I cycled four miles to take Granny a bunch of buttercups. 'Thanks for the weeds,' she said
Monday 22 January 1996
"You mean just one type of food?"
"Yup." He mouth-snatches a piece of cheese straight from the cheese knife (a Myerson habit).
"Mashed potato - but I don't know if it's got enough in it nutritionally."
"Forget nutrition, that's not the issue - we don't have to worry about that."
"Definitely mashed potato then."
"I might have known you'd go for that." He sighs as though this confirms some private, depressing theory about me.
"So what would yours be?" I ask him.
"Chaumes," he rocks dangerously back on his chair (another Myerson habit). "It's unbelievably wonderful. Or maybe apricot jam."
"Chaumes? You couldn't! It stinks of feet, it's so rich. I really could eat mashed potato for the rest of my life and not get sick of it."
"You're a sad woman."
"You're a sad man."
"Deathless Wildean riposte - I feel thoroughly humiliated."
He sits there in his shabby moleskins and baggy sweater, legs stretched, tipping his chair. Then, looking around for new mischief, he flicks my angel chimes with a disdainful finger - "Jesus, how long do we have to have this here?"
"They're supposed to be put away with the Christmas decorations," I say.

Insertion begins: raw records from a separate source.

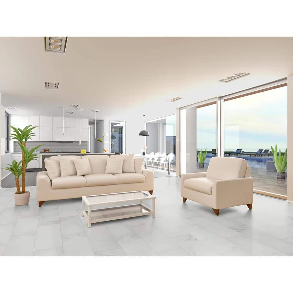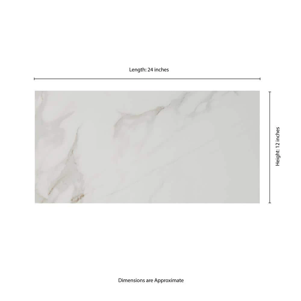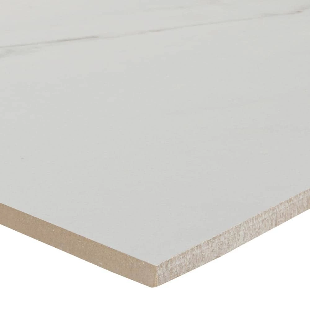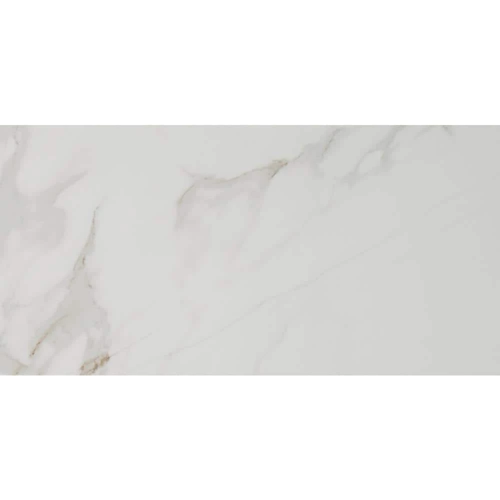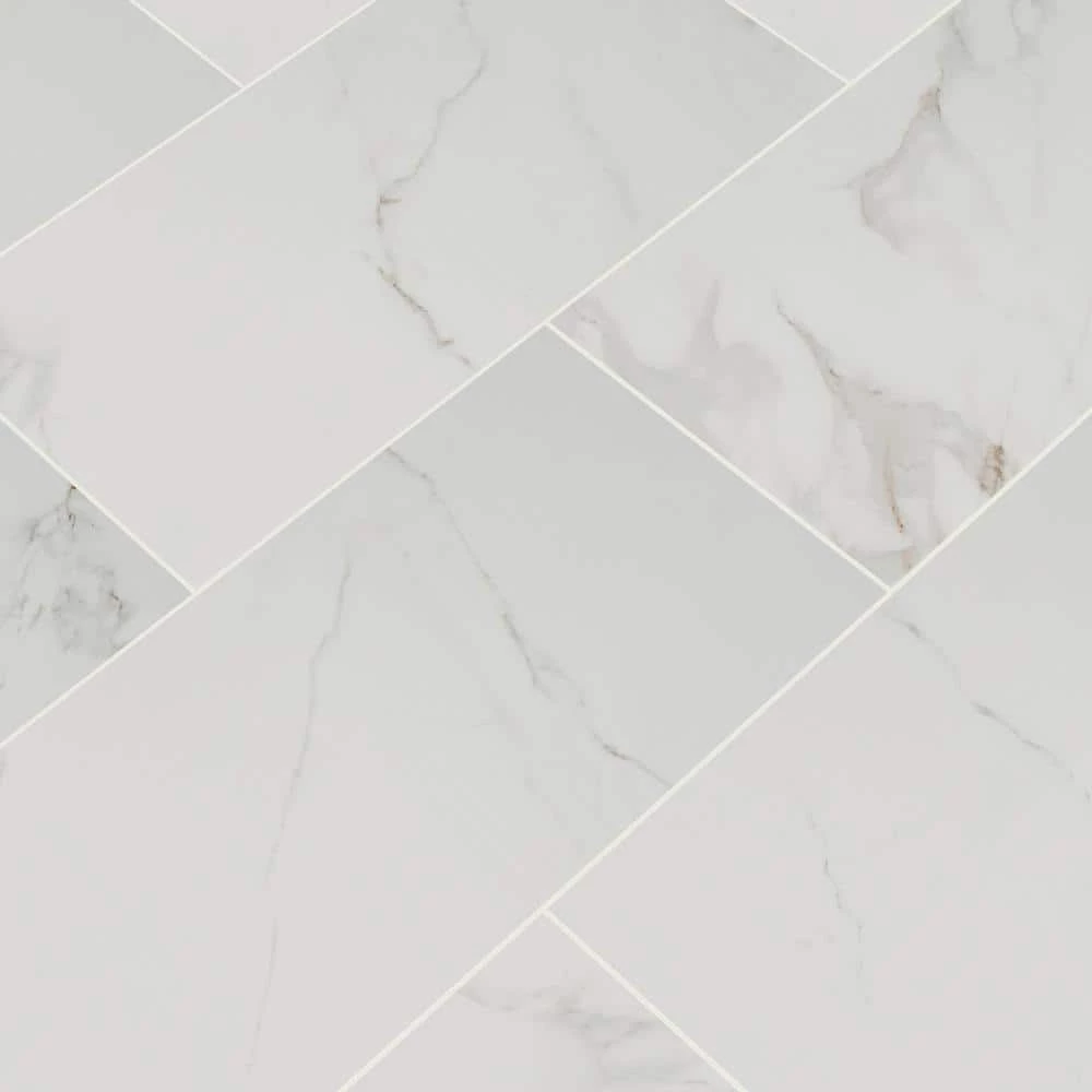 Incorporate a touch of style into your space with the Home Decorators Collection Carrara 12 in. x 24 in. Polished Porcelain Floor and Wall Tile. This elegant white rectangular tile blends the look of natural stone in a porcelain tile and adds class to contemporary aesthetic with a high sheen polished surface to help brighten your decor. Suitable for medium-duty commercial or residential floors and walls with minimum maintenance, install this tile to incorporate a distinctive personal signature in a wide variety of designs and patterns. Use matching trim tile or a combination of field tile for the design that best suits your space and preferences.
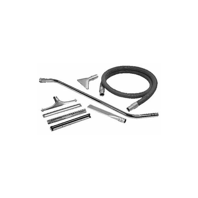 The Kit is designed with the maintenance department in mind. The kit includes one each of the following, 49-90-0060 10 Foot Vinyl Hose, 49-90-0550 Major Floor Tool, 49-90-0580 Squeegee Shoe, 49-90-0400 15" Crevice Tool, 49-90-0600 14" Carpet Insert, 49-90-0740 Utility Nozzle, 49-90-1000 Double Bend Floor Wand Hose is 1-1/2" I.D. All attachments are of metal construction, Not plastic.
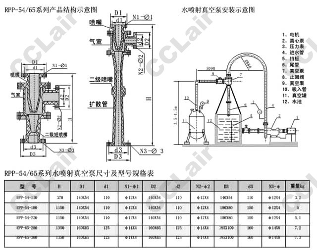 RPP-54-90,RPP-54-110,RPP-54-180,RPP-54-220,RPP-65-280,RPP-65-360,增強聚丙烯水噴射真空泵
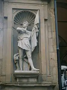 In the corner niches statues of famous Florentines were intended to be placed, but only three were made during the 18th century: Michele di Lando, Giovanni Villani, and Bernardo Cennini.[2]
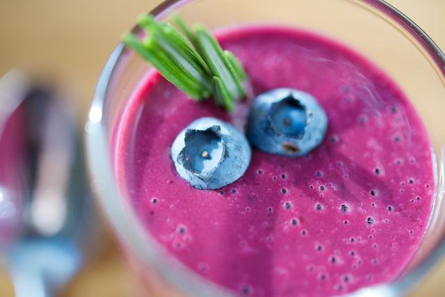 Method 2. Colors will start to bleed from the blueberries and make a pretty, light purple/pink solution. 3. Allow to cool to room temperature. We placed the mixture in the refrigerator for 30 minutes. 4. Add to your favorite blender or food processor, and blend on a medium speed until you have a consistent texture. 5. Serve immediately, or chill and then pour with a garnish of blueberry and rosemary sprig. BONUS, this recipe could also easily be a smoothie where you add in some protein, or frozen into popsicles—if you give it a shot, share with us through Facebook, twitter, or Instagram!Chilled Blueberry-Rosemary Soup
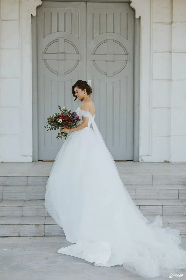 Andie Chua's white, off-the-shoulder ballgown for her church wedding was a treasured find from Taobao! This soft, dreamy design was accentuated by jewel-toned blooms and a gorgeous updo with emerald jewellery. She also wore it for her first march-in during her banquet at Capella Singapore.

The angel chimes were a sentimental buy. Three flimsy mock-brass angels hang from a little carousel, which is spun round by the heat of four skinny candles. As they go round, their dangly bits hit two little cymbals - ching-ching, ching-ching.
Granny Pike had angel chimes on her table, with the plastic fake-doily tablecloth. My sisters and I would watch them go round as we ate our Campbell's cream of mushroom, synthetically soft white rolls and Dairylea triangles. Granny Pike had a hiatus hernia, which isn't remotely funny, but for some reason my sisters and I just could not hear those words hiatus and/or hernia - without bursting into uncontrollable giggles.
We'd be eating our lunch and the angel chimes would be going ding-ding. Granny would be talking about Esther Rantzen or the Queen's latest outfit, and then she'd turn to our father and say, "I had a bit of trouble with my hiatus hernia last week," - and that would be it. The harder we tried not to laugh, the worse it was. Our bodies ached, our faces were puce, little, spasmy snorts escaped. Once I nearly wet myself and had to leave the room.
Granny had false teeth and a wig (you could see the black strap if you were shorter than her). We also suspected her of false bosoms, though it may just have been the fortified way in which her bra was structured. And she wore glasses and a hearing-aid.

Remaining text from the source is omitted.